MORRISSEY: IT'S THE SEALS OR ME
There's not going to be any Morrissey dates in Canada, not while Canada club seals to death. Mozzer ruefully admits his boycott is unlikely to bring Canada to heel:
"I fully realise that the absence of any Morrissey concerts in Canada is unlikely to bring the Canadian economy to its knees, but it is our small protest against this horrific slaughter - which is the largest slaughter of marine animal species found anywhere on the planet," the singer said. "The Canadian Prime Minister says the so-called 'cull' is economically and environmentally justified, but this is untrue.

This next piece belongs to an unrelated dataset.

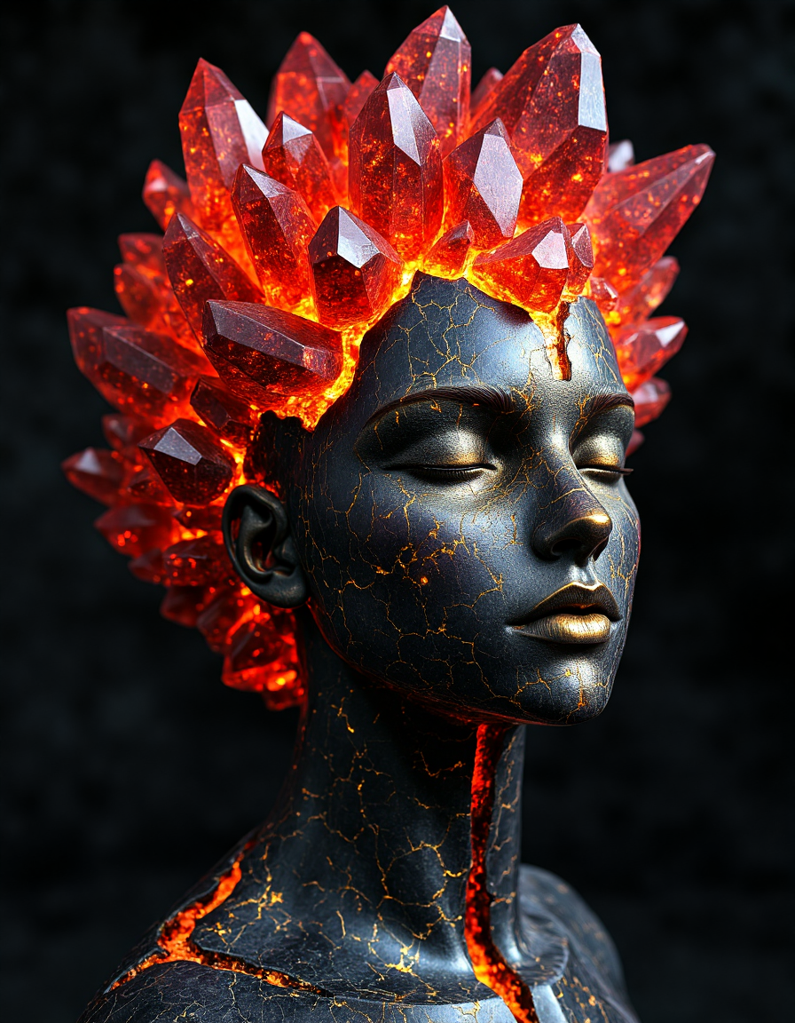 extreme closeup, cinematic bust of a human head. The head is made of dark gold, black marble stone, with intricate gold cracks revealing glowing lava beneath. The face features realistic human characteristics, with closed eyes and a serene expression. Adorning the head are enormous, translucent red crystals, protruding at various angles, resembling a crown or natural growth. The background is dark and moody, ensuring the vibrant colors of the lava and crystals stand out, <lora:aidmaMJ6.1_v0.3:1>
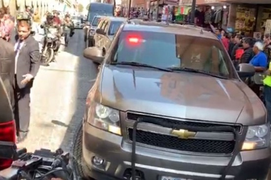 El convoy del funcionario estadunidense llegó por avenida 20 de Noviembre procedente de Insurgentes, donde hizo escala en la sede de la Fiscalía General de la República (FGR).

The Canadian Prime Minister also states that the slaughter is necessary because it provides jobs for local communities, but this is an ignorant reason for allowing such barbaric and cruel slaughter of beings that are denied life simply because somebody somewhere might want to wear their skin. Construction of German gas chambers also provided work for someone - this is not a moral or sound reason for allowing suffering."
Ouch - going a little far to invoke the holocaust in this one, Mozzer: you're not the mayor of London.
Canada have raised the stakes by announcing plans to tomrent a couple of whales, bludgeoning a porpoise and booking Andy Rourke and Mike Joyce to play a state banquet.
1 comment:
Talking about himself in the third person now? We are not amused.